→ **DATA IN THIS EXERCISE**
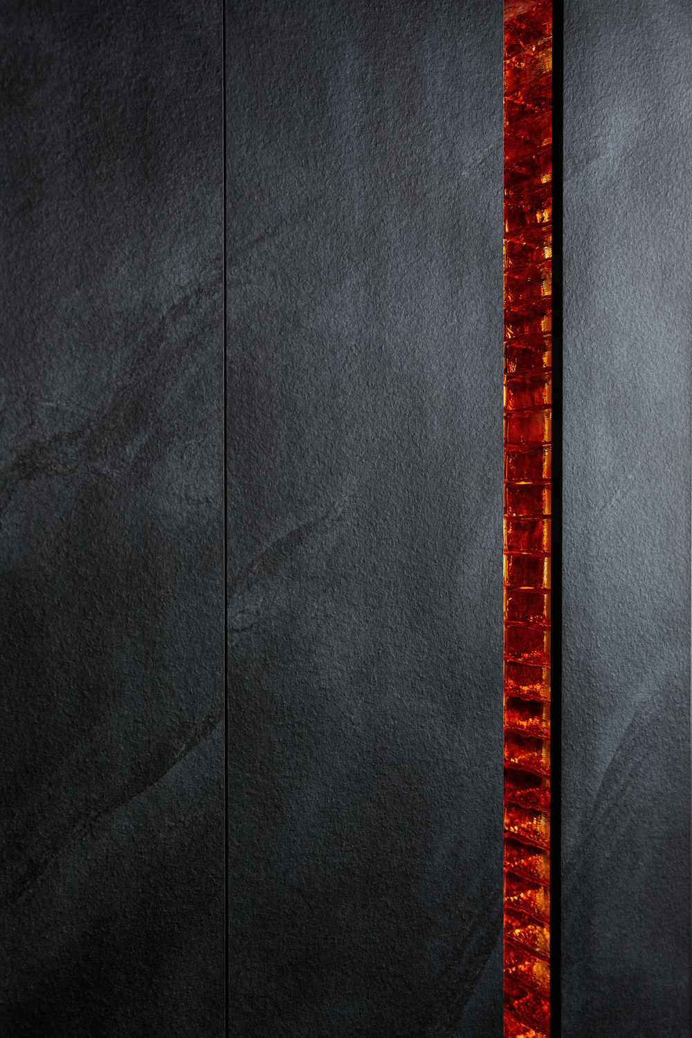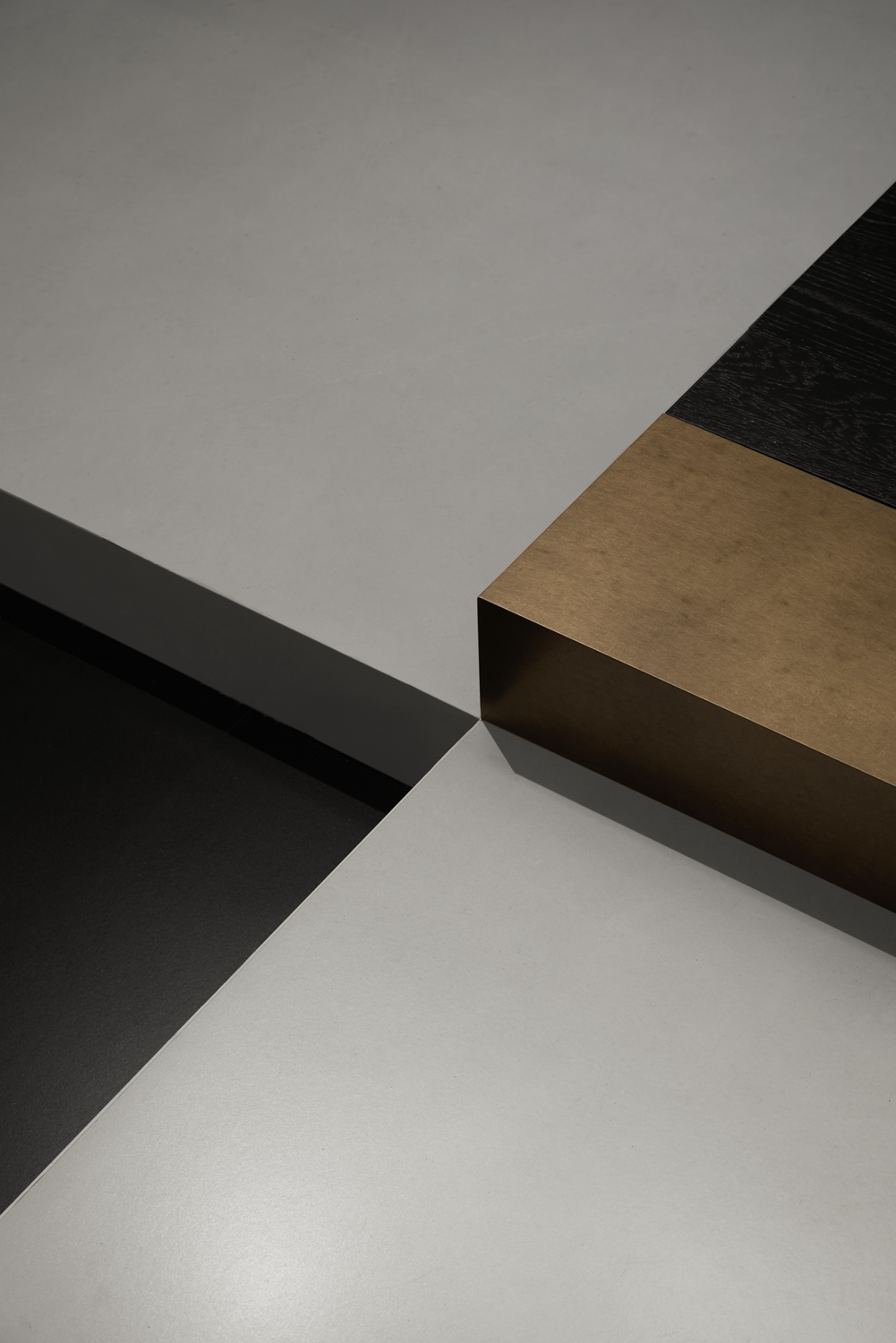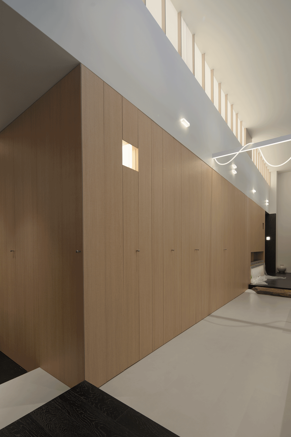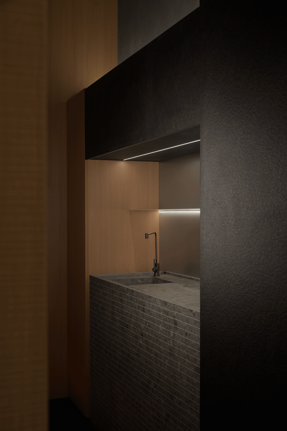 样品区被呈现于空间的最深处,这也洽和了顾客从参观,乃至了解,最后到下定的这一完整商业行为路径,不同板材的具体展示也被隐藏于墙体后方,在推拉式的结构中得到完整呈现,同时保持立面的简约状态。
* * *
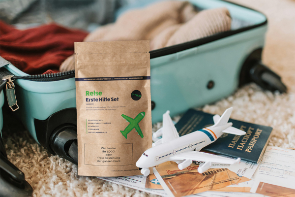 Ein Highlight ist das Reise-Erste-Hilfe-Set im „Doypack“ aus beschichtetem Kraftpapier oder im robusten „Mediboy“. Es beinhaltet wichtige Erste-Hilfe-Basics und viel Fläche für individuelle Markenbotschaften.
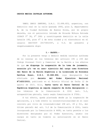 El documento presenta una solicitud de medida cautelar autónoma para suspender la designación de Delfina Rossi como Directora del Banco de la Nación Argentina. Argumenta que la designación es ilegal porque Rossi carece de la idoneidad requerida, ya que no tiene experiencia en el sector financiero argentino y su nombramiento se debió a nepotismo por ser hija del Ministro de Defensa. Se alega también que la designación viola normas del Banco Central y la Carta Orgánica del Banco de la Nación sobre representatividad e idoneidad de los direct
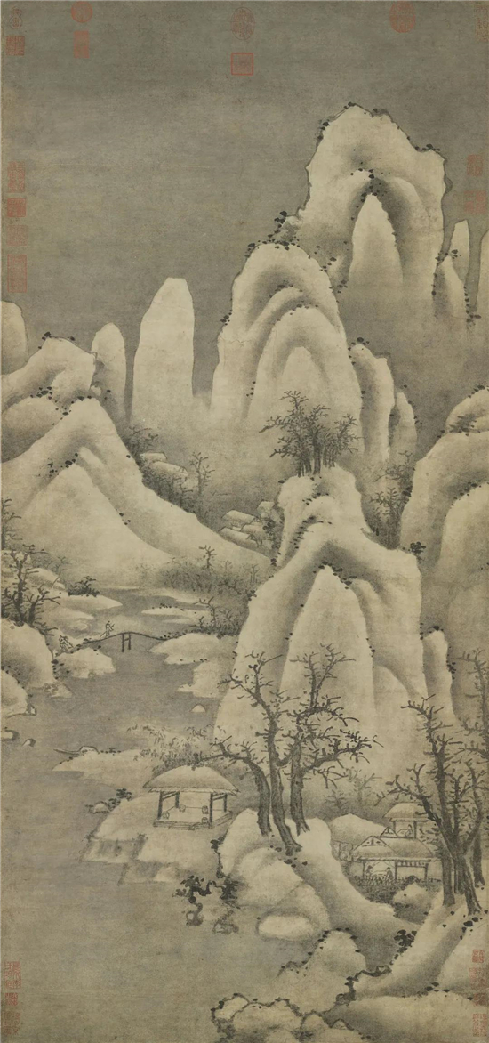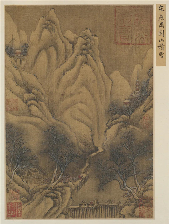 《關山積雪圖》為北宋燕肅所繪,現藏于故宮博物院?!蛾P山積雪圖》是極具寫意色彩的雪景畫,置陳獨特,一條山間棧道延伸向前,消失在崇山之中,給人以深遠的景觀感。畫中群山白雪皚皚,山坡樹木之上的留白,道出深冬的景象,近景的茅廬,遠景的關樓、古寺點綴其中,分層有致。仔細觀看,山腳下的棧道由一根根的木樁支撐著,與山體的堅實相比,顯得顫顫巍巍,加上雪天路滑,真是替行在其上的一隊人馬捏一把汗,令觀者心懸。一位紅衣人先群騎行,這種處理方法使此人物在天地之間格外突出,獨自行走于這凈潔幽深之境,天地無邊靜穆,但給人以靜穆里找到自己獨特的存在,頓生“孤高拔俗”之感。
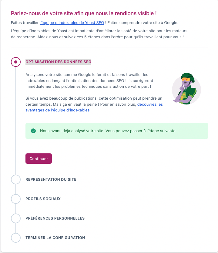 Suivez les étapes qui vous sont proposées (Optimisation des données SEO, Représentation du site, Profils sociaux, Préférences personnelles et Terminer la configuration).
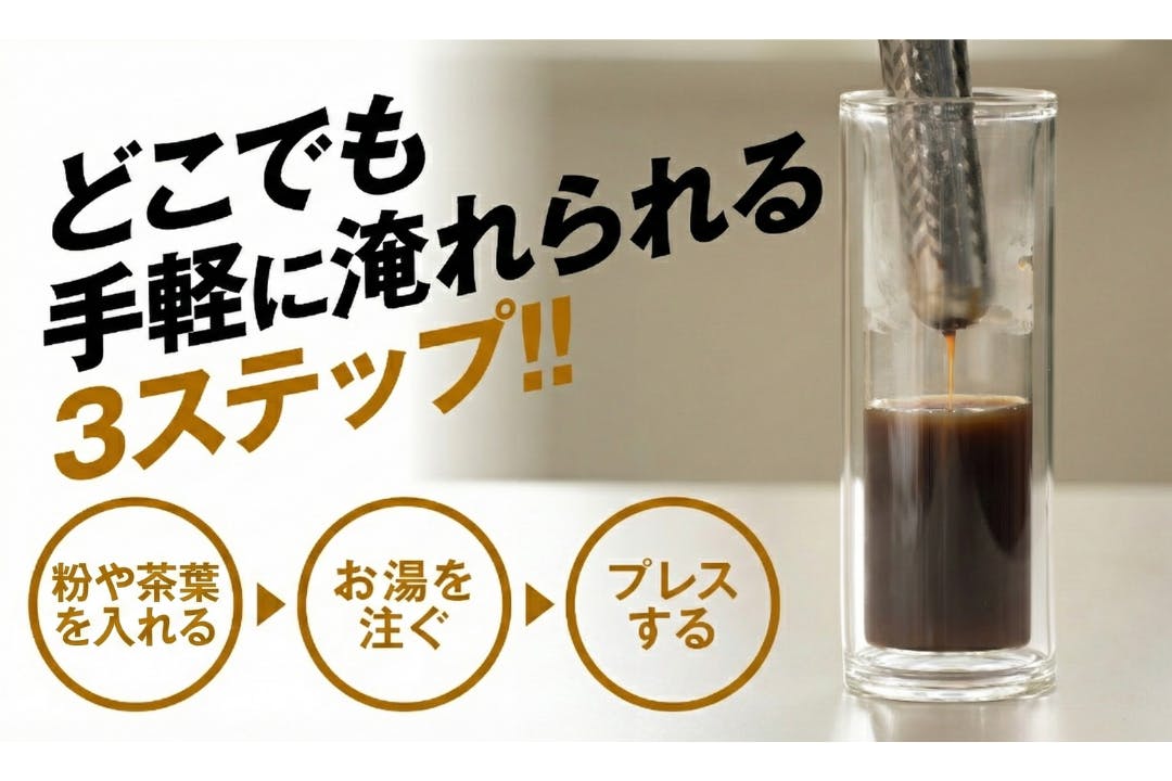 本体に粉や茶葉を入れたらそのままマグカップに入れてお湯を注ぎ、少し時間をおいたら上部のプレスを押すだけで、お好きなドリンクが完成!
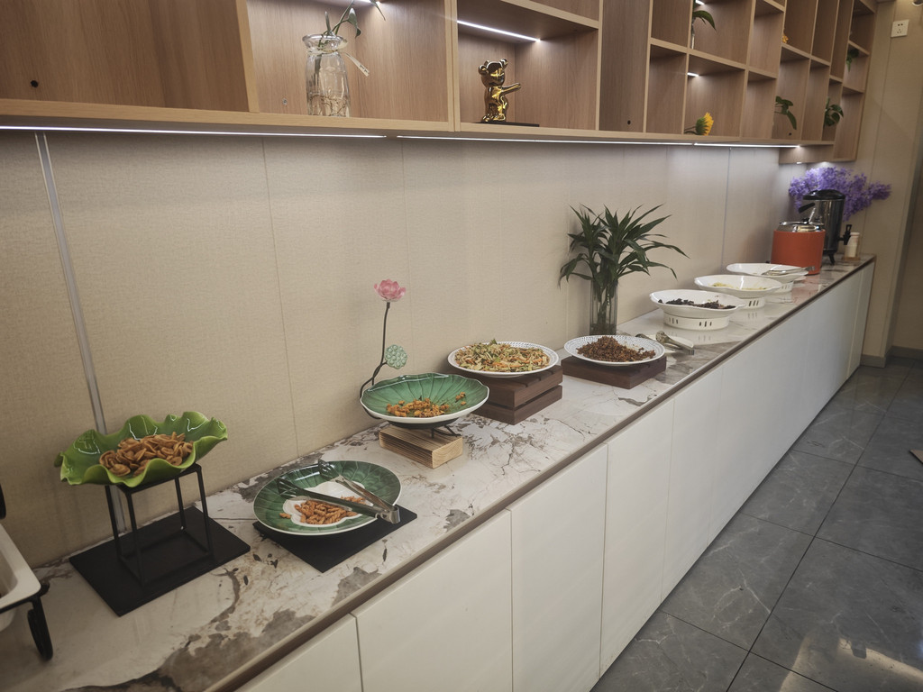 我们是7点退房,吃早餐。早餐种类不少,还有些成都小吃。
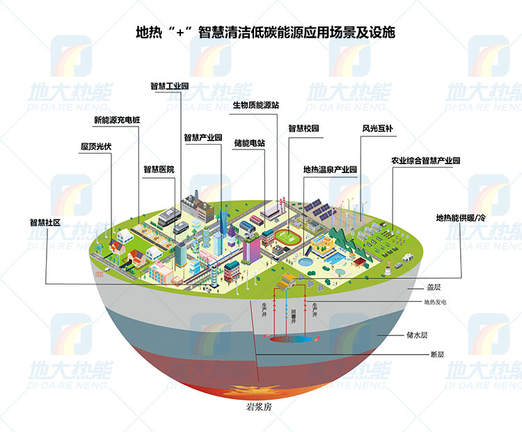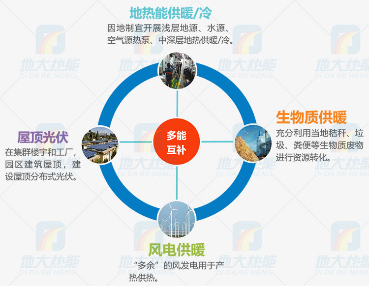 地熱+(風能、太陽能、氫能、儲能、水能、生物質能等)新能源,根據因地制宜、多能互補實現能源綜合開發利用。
...
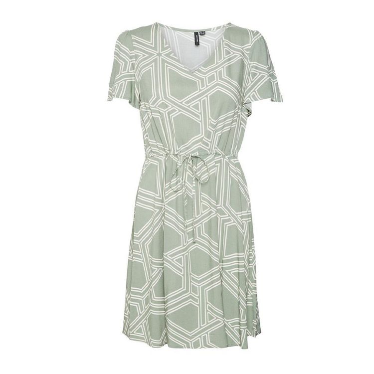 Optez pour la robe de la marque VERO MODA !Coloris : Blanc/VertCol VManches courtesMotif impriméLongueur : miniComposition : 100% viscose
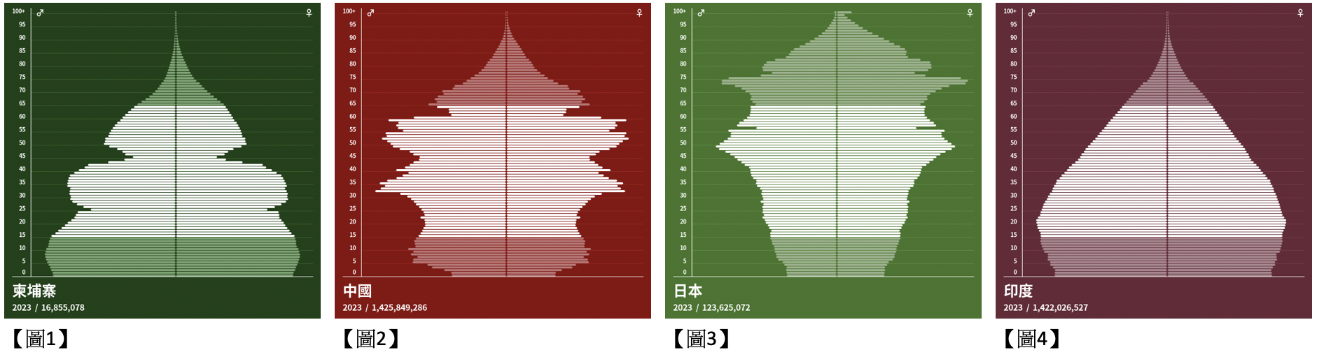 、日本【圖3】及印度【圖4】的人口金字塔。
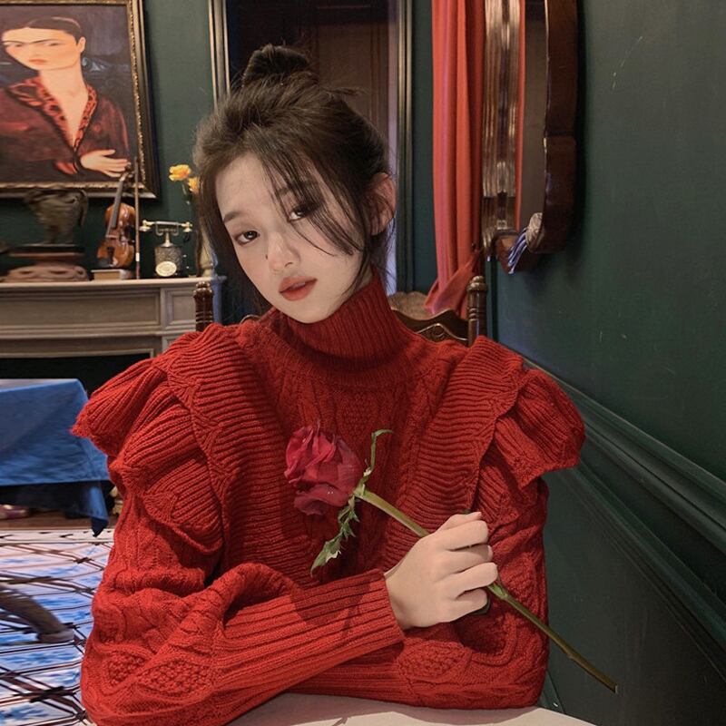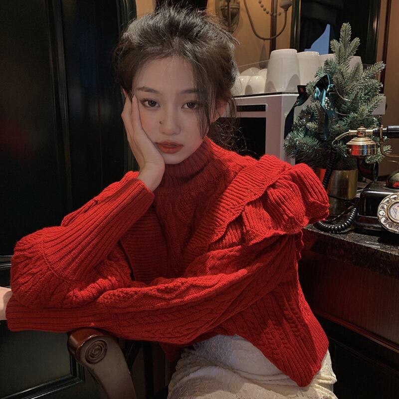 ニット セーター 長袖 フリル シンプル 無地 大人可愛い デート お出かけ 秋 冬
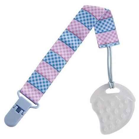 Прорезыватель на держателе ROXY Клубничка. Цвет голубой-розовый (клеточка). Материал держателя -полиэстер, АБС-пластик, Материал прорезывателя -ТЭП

→ **TASK OBJECTIVE**
Word for word, retype the lines in the entries above that run from the one with "Optez pour la" through the one with "Прорезыватель на держателе". Both ends count; pictures do not.

→ **SOLVED PROBLEM**
 Optez pour la robe de la marque VERO MODA !Coloris : Blanc/VertCol VManches courtesMotif impriméLongueur : miniComposition : 100% viscose
 、日本【圖3】及印度【圖4】的人口金字塔。
 ニット セーター 長袖 フリル シンプル 無地 大人可愛い デート お出かけ 秋 冬
 Прорезыватель на держателе ROXY Клубничка. Цвет голубой-розовый (клеточка). Материал держателя -полиэстер, АБС-пластик, Материал прорезывателя -ТЭП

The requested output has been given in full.